While waiting for the plate twirler to clean up the plates that somehow launched themselves into the third row barely missing the statue of Ebenezer Bryce, I flipped through the recip book to the part about the smoked birds.  The original ancient recipe is still a mystery.  Evey year the cooks try a different combination of spices, nuts, hoping to emulate the legendary turkey recipe of the once local indian tribes. The moderator was making a big deal out of this recipe.  In the cookbook there is a note that every season the meats to be smoked are placed on the window ledges and the tecnawatu, a visitor from the spirit world comes out of the forest sprinkles unknown spices on the meats while the kids prepare for the talent show.  Nothing extra is added to the meats and they are place on a fire of pinyon pine charcoal.  While reading, I blurted out, "its all in the sand".  Everyone looked at me very oddly.  I said "What the old indian told me was that the unique taste came from the different sands in the canyon."  The matron of the talent show asked "Have you seen Technawatu?"   "Does he wear Birkenstocks?" I posed.  A few people chuckled and continued watching the talents of the dancing mule deer.   Tecnawatu was described as a shadow coming to life out of the hoodoos, the tall weather worn stone towers famous in Bryce canyon.  It was a spirit and wore brilliantly colored robes.  It moved on the wind without sound.  In the Lodge, the is a book where visitors can write descriptions of their encounters with the techawatu.  There are several hundred sightings of Bryce Canyon's ghost.  Common  entries were similar to "I could hear him singing while moving through the trees" or "The brightly colored ghost passed by swiftly and I could smell smoked meat on the wind".   

The talent show ended with a full chorus of the Bryce Canyon Goodbye song., I purchased a large cup of beer for the walk back to the campsite wondering if my tent or the Indian were there.  The sun was down and forest was cooling off when I left the lodge.
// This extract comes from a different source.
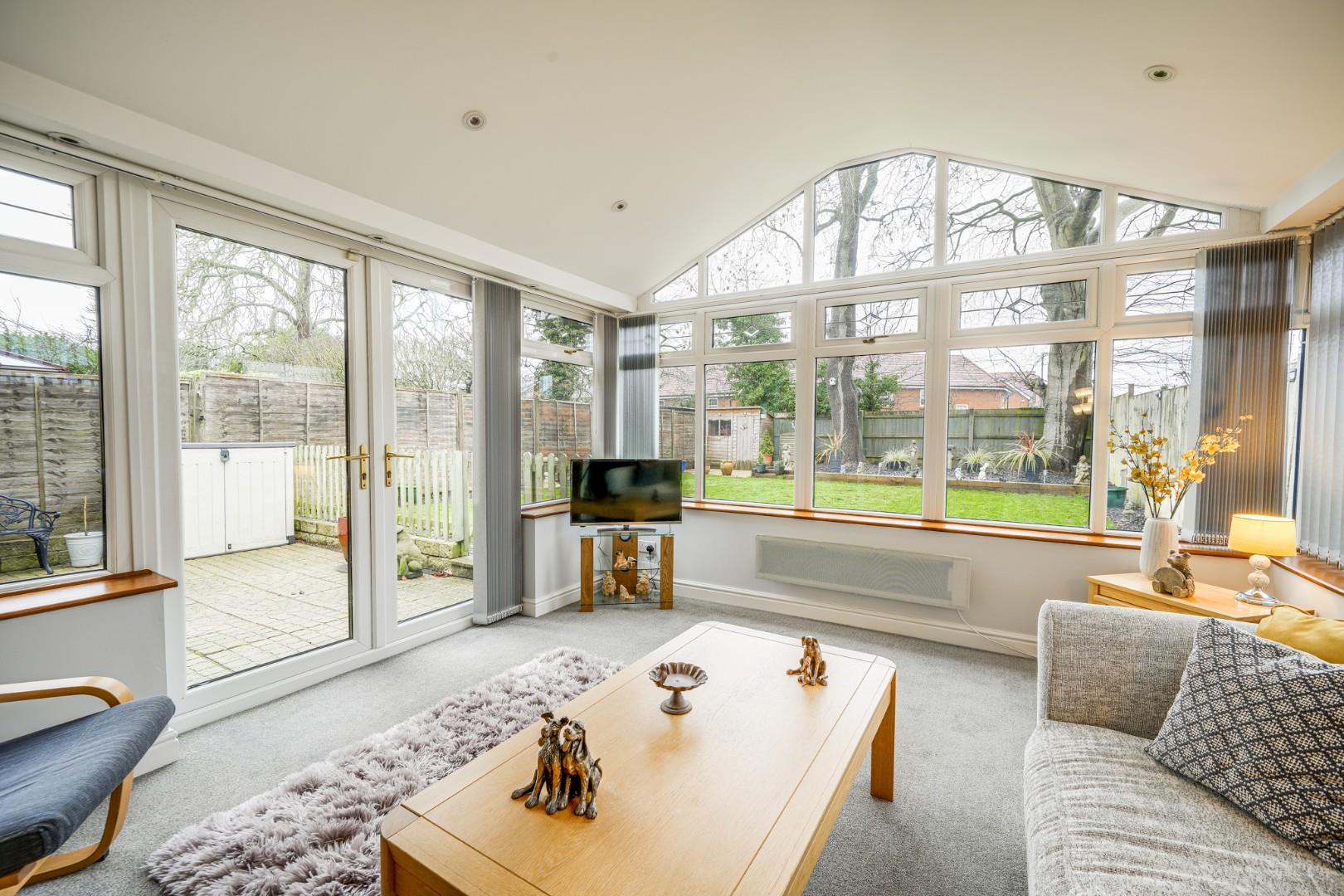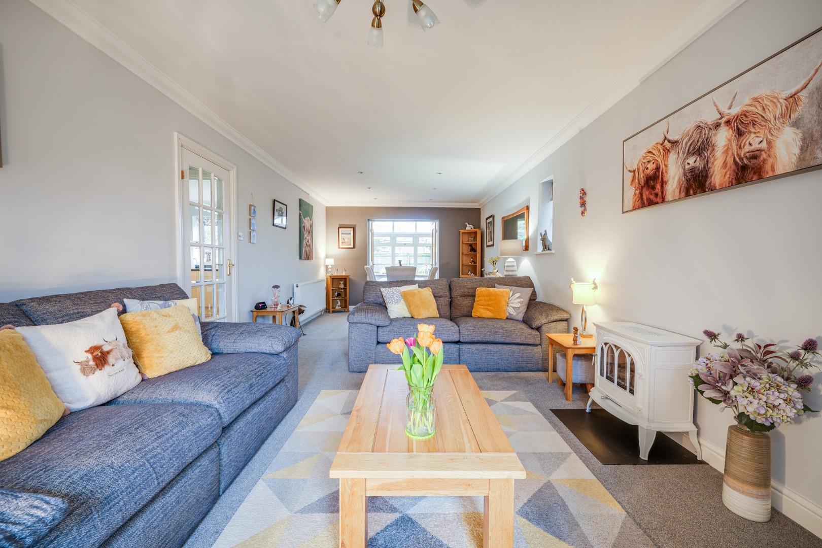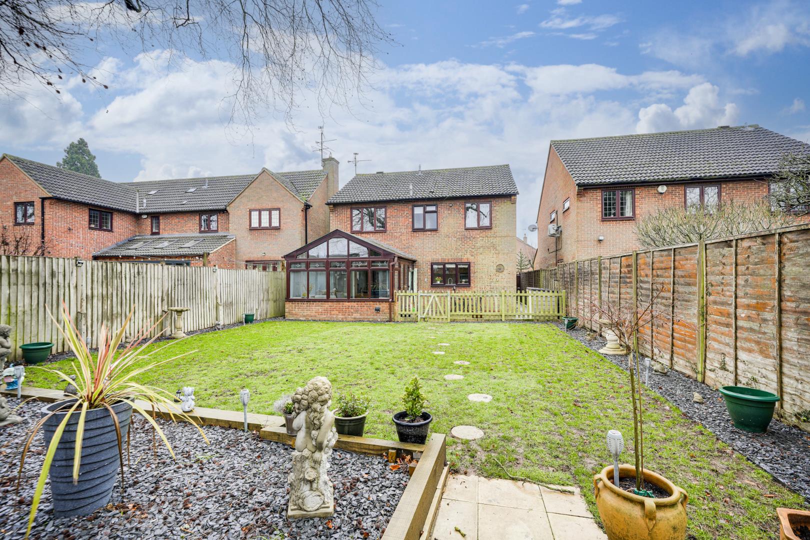 To the front, a driveway extends to the garage and front entrance, providing off-road parking. The remainder has been thoughtfully landscaped to create an attractive lawned garden, with gated access leading to the rear. The rear garden is particularly well proportioned and beautifully maintained, featuring a paved patio area ideal for outdoor dining, a generous lawn and neatly arranged planted beds. It offers a private and versatile space to be enjoyed throughout the seasons.

If my sleeping bag was still there I would need to delouse it of  bed bugs and mites.  They carry disease you know. I was pretty sure I was going to get the Rocky Mountain trots at the very least.  As I finished off my beer, I thought maybe the Coors will keep me disinfected.   The down hill walk seemed like more that a mile and I kept seeing the shadows of the Technawatu.   I walked and spoke aloud in the direction of the canyon and the echo would come back three times.  The light from the moon kept my trail illuminated. There were some people out in front of the camp store rocking in the chairs and keeping an eye on things. "Hey, I think your turkey is done."  I chuckled and said, "Did that old freakin indian leave me any?"   "We did not see any indian" they said.  "That is a lot of food for one guy, where is the rest of your group?"  I quickened the pace to my tent with the two rocking chair dudes in tow.  The campsite was immaculate with the sand swept smooth and the sleeping bag was rolled up nicely.  The coals from the fire gave off just enough light where I could see roasted corn on the cob, a wooden bowl of wild greens and some tortilla looking things.  The smell of smoked turkey was everywhere.  There was a six pack of  chilled Falstaff beer wrapped in a brightly colored Indian blanket.  The two old rockers looked at me in earnest and I looked at them and said, "dig in boys, there is plenty to go around."  "This is the best damn bird I have ever tasted, what did you use for a rub, you gotta give me the recipe?"  "I dropped it in the sand, it must be the iron or something."  They laughed and said, "Falstaff, I never heard of that brand of beer" while they ripped smoked bird off the bone. "Yep", I said.   "Nothing better than eating like chiefs, thinking of satisfying squaws and straight arrows in every quiver." Looking out toward the canyon,  I could see the smoke trails from all the camp fires mingling together and drifting through the hoodoos filling the shadows.